Simulation of the “RunProcess” method of the  “Workflow Process Manager” Business Service allows to execute a workflow process process

within the BS-Simulator session, while same method invoked for the “Workflow Process Manager (Server Request)” BS

makes the process execution happen in separate task of the “Workflow Process Manager” server component.

 

Paths (can be combined) to capture the BS method input arguments in a file, that can be loaded in BS-Simulator.

(A) The .dmp File – input property set stored as XML document

Setting to “True” of the advanced component parameter: “Enable Business Service Argument Tracing” (short alias: “EnableServiceArgTracing“)
allows Siebel Object Manager component task to produce *.dmp files with input arguments for a certain standard business services.

Example of the  command of Server Manager Command line  utility (“srvrmgr“) that amends this parameter for a given component (example: “EAI Object Manager (ENU)“):
change param EnableServiceArgTracing=True for comp EAIObjMgr_enu

Once the parameter is set to “True” one also need to raise the logging level to 5 for tracing of a desired component event type,
to component task to trace arguments of a given Business Service into a *.dmp file.

Following two event types could be found useful:

(1) “EAI Dispatcher Argument Tracing” (short alias: “EAIDispatchSvcArgTrc“)
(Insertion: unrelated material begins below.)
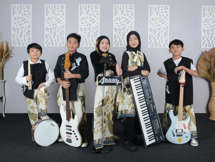 MUDIPAT.CO – 4Kids+ Band, band bocah SD Muhammadiyah 4 Pucang Surabaya (Mudipat) ini benar-benar keren dan luar biasa. Dalam setiap performanya band beranggotakan Aubrey Azka Calista (vocalist), Al Fatih Pangestu (gitaris), Arjuna Wijoyo Utomo (bassis), Ayuna Fatima Wijaya (kebordist), dan Muhammad Alizandy Zhafran (drummer) selalu sepenuh hati dan memukau pemirsa.
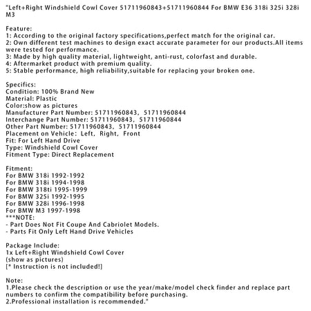 左+右フロントガラスカウルカバー 51711960843+51711960844 BMW E36 318i 325i 328i M3用

to let Inbound Web Service Framework component produce  “EAITransportDispatchService_input_args_*.dmp” file with input arguments

(original SOAP Message and HTTP Transport headers) received from Web Service Client (via Siebel Web Server Extension).

The .dmp file can be used as input of the “GenericDispatch” method of the “EAI Dispatch Service” Business Service to mimic the Inbound Web Service call dispatch.

Example of the  command of Server Manager Command line  utility (“srvrmgr“) that amends logging level of this event type to 5 for a given component

(example: “EAI Object Manager (ENU)“):

change evtloglvl EAIDispatchSvcArgTrc=5  for comp EAIObjMgr_enu

NOTE: To use this file as input in  the BS-Simulation one need to rename its extension to “.xml“.

NOTE-2: After(!), loading the file in BS-Simulator View one need to insert/correct the xml-prologue to <?xml version=”1.0″ encoding=”UTF-16″?>

to indicate the unicode text encoding, used by  Siebel UI

(2)  “EAI Siebel Adapter Argument Tracing” (short alias: “EAISiebAdptSvcArgTrc“)

to let methods of the “EAI Siebel Adapter” standard Business Service to produce produce “EAISiebelAdapter_input_args_*.dmp” files   with input arguments of the invoked method.

The .dmp file can be used as input of accordant menthod of the “EAI Siebel Adapter” Business Service.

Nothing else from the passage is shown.